ABOUT THIS TASK: Where an entry holds an image, leave the image out; otherwise reproduce the entry exactly.

STUDY MATERIAL:
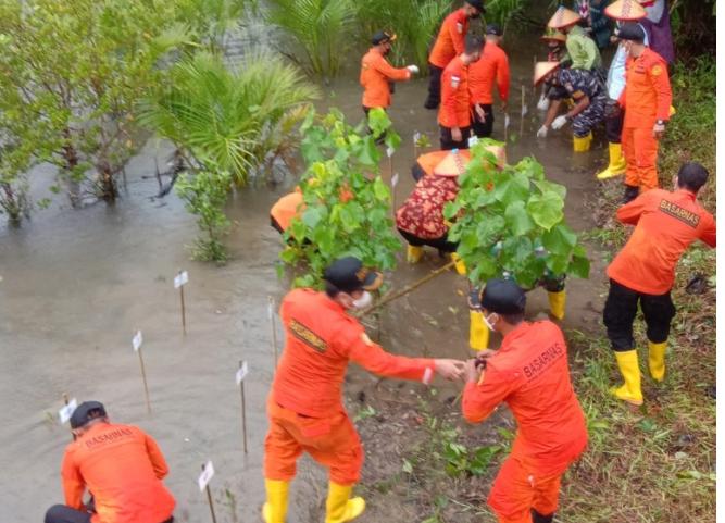 Kegiatan penanaman bakau ini merupakan rangkaian dari Hari Ulang Tahun (HUT) Basarnas ke-50 pada tanggal 28 Febuari 2022.
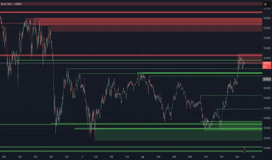Each level is monitored for breakout behavior. If price breaks through a level, it can change its role — a former resistance may become support, and vice versa. After a certain number of breakouts (which you define), the level is considered invalid and is automatically removed from the chart. This helps to maintain a clean visual layout and ensures only relevant levels are shown.
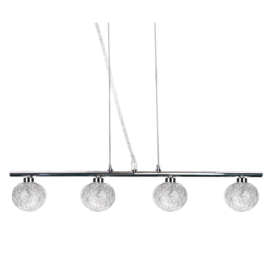 SPHERE 34-14047 to nowoczesna lampa wisząca z czterema źródłami światła. Zawiesie lampy wykonano z wysokiej jakości metalu w kolorze chromowym. Lampa posiada cztery szklane klosze oplecione cienkim drucikiem imitującym kłębuszek. Oprawa będzie idealnym wyborem do nowoczesnych wnętrz. Doskonale będzie się prezentować w: salonie, jadalni, sypialni, pokoju młodzieżowym, gabinecie, biurze, lokalu, kuchni. Dużą zaletą jest możliwość regulacji wysokości. Wysokość maksymalna lampy to: 95 cm, szerokość 61 cm, głębokość 11 cm. Źródłem światła jest żarówka typu G9 o mocy max 40W w ilości 4 szt.
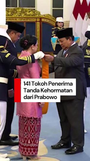 Presiden Prabowo Subianto memberikan tanda jasa dan kehormatan dalam rangka peringatan HUT RI kepada 141 tokoh. Mulai dari legislator, menteri, polisi, tokoh pers, hingga budayawan.
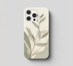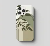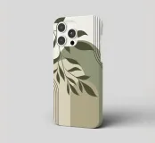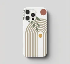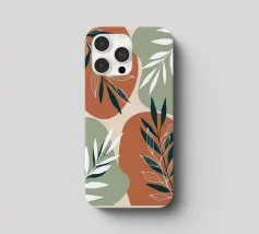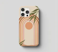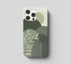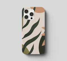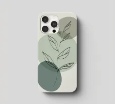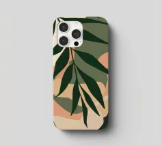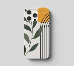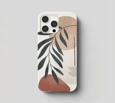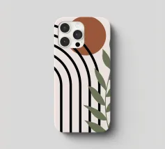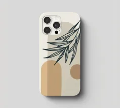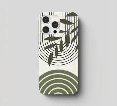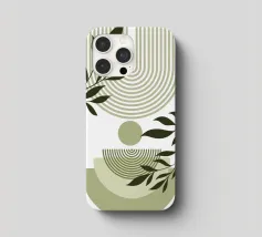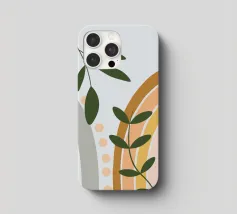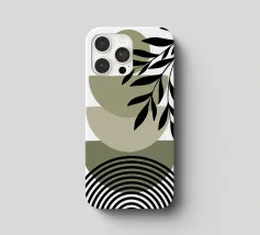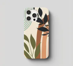 Un ramo di foglie si sovrappone a forme geometriche, tra cui linee arcuate e toni sfumati e stratificati. La combinazione crea un connubio armonioso tra natura e design astratto.
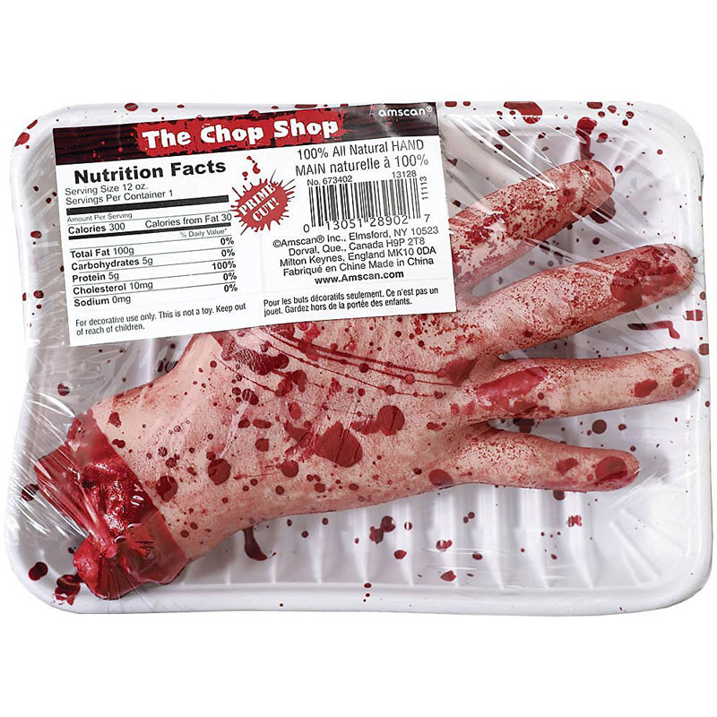 Avhuggen Hand Halloween Dekoration är tillverkad av plast och omfattar en blodig, avhuggen hand i förseglad förpackning med innehållsförteckning framtill.
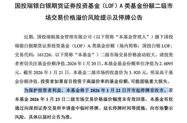 1月21日晚间,国投白银LOF基金(以下简称"本基金")发布公告称,为保护投资者利益,本基金将于1月22日开市起停牌至收市。若本基金1月23日二级市场交易价格溢价幅度未有效回落,本基金有权通过向深交所申请盘中临时停牌、延长停牌时间等措施,向市场警示风险。

WORKED SOLUTION:
 Kegiatan penanaman bakau ini merupakan rangkaian dari Hari Ulang Tahun (HUT) Basarnas ke-50 pada tanggal 28 Febuari 2022.
Each level is monitored for breakout behavior. If price breaks through a level, it can change its role — a former resistance may become support, and vice versa. After a certain number of breakouts (which you define), the level is considered invalid and is automatically removed from the chart. This helps to maintain a clean visual layout and ensures only relevant levels are shown.
 SPHERE 34-14047 to nowoczesna lampa wisząca z czterema źródłami światła. Zawiesie lampy wykonano z wysokiej jakości metalu w kolorze chromowym. Lampa posiada cztery szklane klosze oplecione cienkim drucikiem imitującym kłębuszek. Oprawa będzie idealnym wyborem do nowoczesnych wnętrz. Doskonale będzie się prezentować w: salonie, jadalni, sypialni, pokoju młodzieżowym, gabinecie, biurze, lokalu, kuchni. Dużą zaletą jest możliwość regulacji wysokości. Wysokość maksymalna lampy to: 95 cm, szerokość 61 cm, głębokość 11 cm. Źródłem światła jest żarówka typu G9 o mocy max 40W w ilości 4 szt.
 Presiden Prabowo Subianto memberikan tanda jasa dan kehormatan dalam rangka peringatan HUT RI kepada 141 tokoh. Mulai dari legislator, menteri, polisi, tokoh pers, hingga budayawan.
 Un ramo di foglie si sovrappone a forme geometriche, tra cui linee arcuate e toni sfumati e stratificati. La combinazione crea un connubio armonioso tra natura e design astratto.
 Avhuggen Hand Halloween Dekoration är tillverkad av plast och omfattar en blodig, avhuggen hand i förseglad förpackning med innehållsförteckning framtill.
 1月21日晚间,国投白银LOF基金(以下简称"本基金")发布公告称,为保护投资者利益,本基金将于1月22日开市起停牌至收市。若本基金1月23日二级市场交易价格溢价幅度未有效回落,本基金有权通过向深交所申请盘中临时停牌、延长停牌时间等措施,向市场警示风险。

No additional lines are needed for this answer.